### REQUIRED ACTION
Drop every image and restate the entries below word for word.

═══ DATA RECORDS ═══

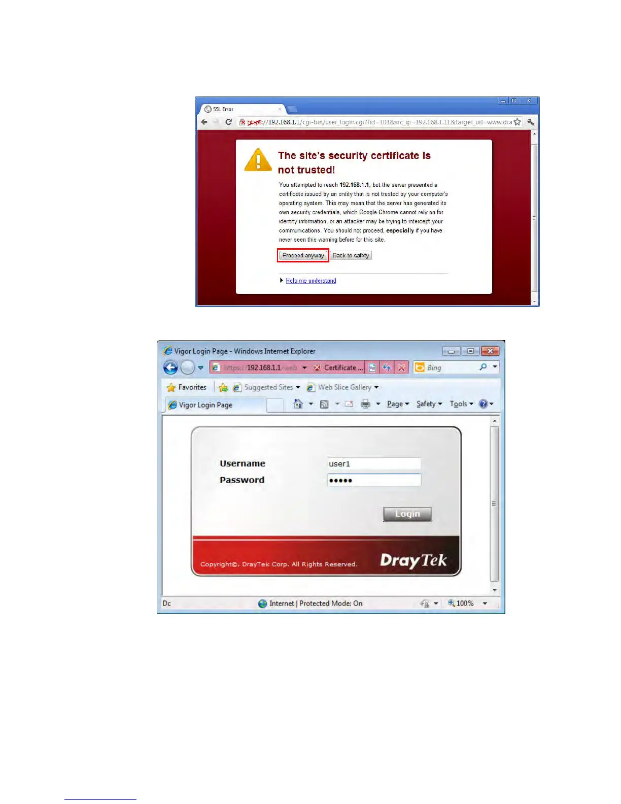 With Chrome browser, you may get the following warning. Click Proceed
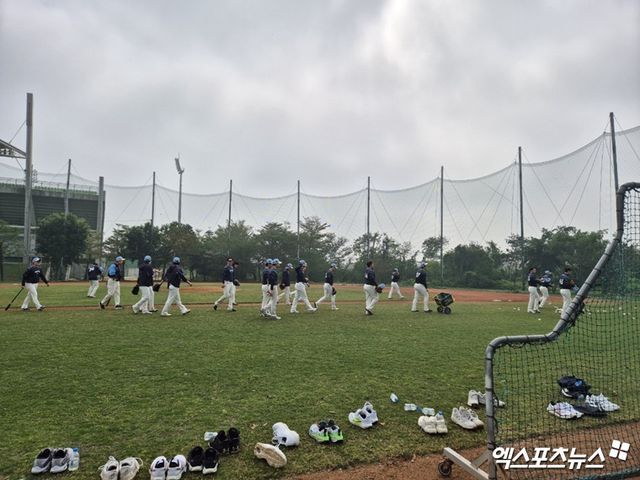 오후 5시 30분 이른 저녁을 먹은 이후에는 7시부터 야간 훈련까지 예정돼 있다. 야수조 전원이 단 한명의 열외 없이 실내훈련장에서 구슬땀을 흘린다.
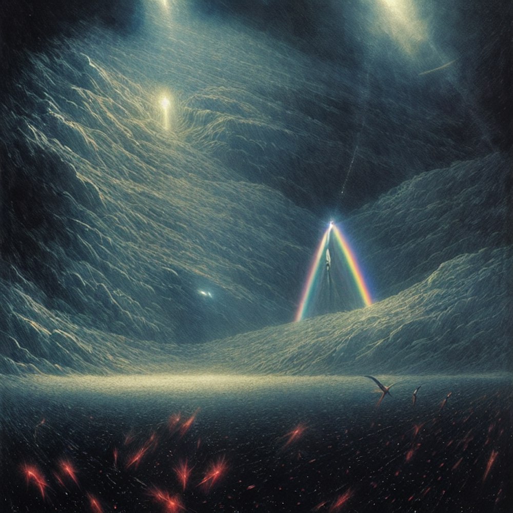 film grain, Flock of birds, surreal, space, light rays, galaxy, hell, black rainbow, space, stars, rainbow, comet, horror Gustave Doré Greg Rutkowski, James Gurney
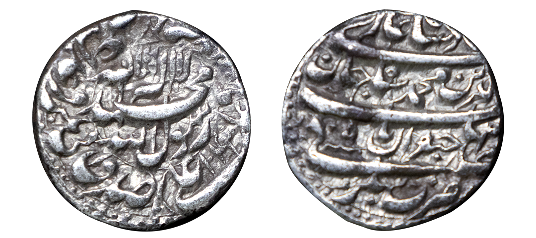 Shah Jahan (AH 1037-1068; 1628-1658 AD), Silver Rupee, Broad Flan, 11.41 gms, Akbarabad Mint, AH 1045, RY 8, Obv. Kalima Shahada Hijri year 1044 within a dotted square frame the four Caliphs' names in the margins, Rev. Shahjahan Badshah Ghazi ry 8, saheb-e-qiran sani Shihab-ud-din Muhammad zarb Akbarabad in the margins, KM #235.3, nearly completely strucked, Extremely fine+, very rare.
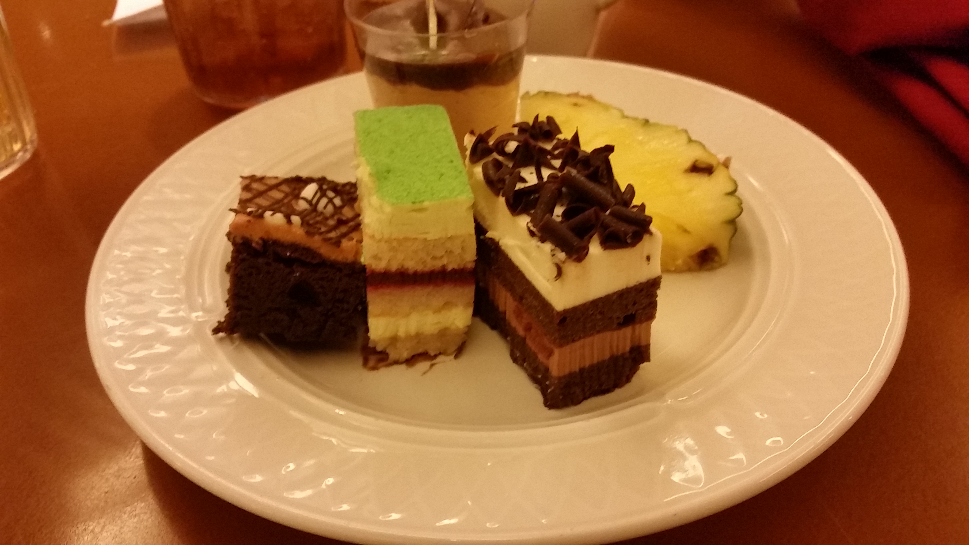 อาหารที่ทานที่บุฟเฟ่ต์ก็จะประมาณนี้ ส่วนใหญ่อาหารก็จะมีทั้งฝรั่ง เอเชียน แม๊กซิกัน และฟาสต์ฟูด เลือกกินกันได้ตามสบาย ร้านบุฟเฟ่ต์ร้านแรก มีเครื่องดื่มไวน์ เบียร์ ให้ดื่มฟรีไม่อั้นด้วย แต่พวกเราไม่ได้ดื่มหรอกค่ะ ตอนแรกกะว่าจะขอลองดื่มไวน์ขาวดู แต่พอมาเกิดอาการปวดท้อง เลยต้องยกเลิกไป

═══

### ANSWER FOR THIS EXERCISE
 With Chrome browser, you may get the following warning. Click Proceed
 오후 5시 30분 이른 저녁을 먹은 이후에는 7시부터 야간 훈련까지 예정돼 있다. 야수조 전원이 단 한명의 열외 없이 실내훈련장에서 구슬땀을 흘린다.
 film grain, Flock of birds, surreal, space, light rays, galaxy, hell, black rainbow, space, stars, rainbow, comet, horror Gustave Doré Greg Rutkowski, James Gurney
 Shah Jahan (AH 1037-1068; 1628-1658 AD), Silver Rupee, Broad Flan, 11.41 gms, Akbarabad Mint, AH 1045, RY 8, Obv. Kalima Shahada Hijri year 1044 within a dotted square frame the four Caliphs' names in the margins, Rev. Shahjahan Badshah Ghazi ry 8, saheb-e-qiran sani Shihab-ud-din Muhammad zarb Akbarabad in the margins, KM #235.3, nearly completely strucked, Extremely fine+, very rare.
 อาหารที่ทานที่บุฟเฟ่ต์ก็จะประมาณนี้ ส่วนใหญ่อาหารก็จะมีทั้งฝรั่ง เอเชียน แม๊กซิกัน และฟาสต์ฟูด เลือกกินกันได้ตามสบาย ร้านบุฟเฟ่ต์ร้านแรก มีเครื่องดื่มไวน์ เบียร์ ให้ดื่มฟรีไม่อั้นด้วย แต่พวกเราไม่ได้ดื่มหรอกค่ะ ตอนแรกกะว่าจะขอลองดื่มไวน์ขาวดู แต่พอมาเกิดอาการปวดท้อง เลยต้องยกเลิกไป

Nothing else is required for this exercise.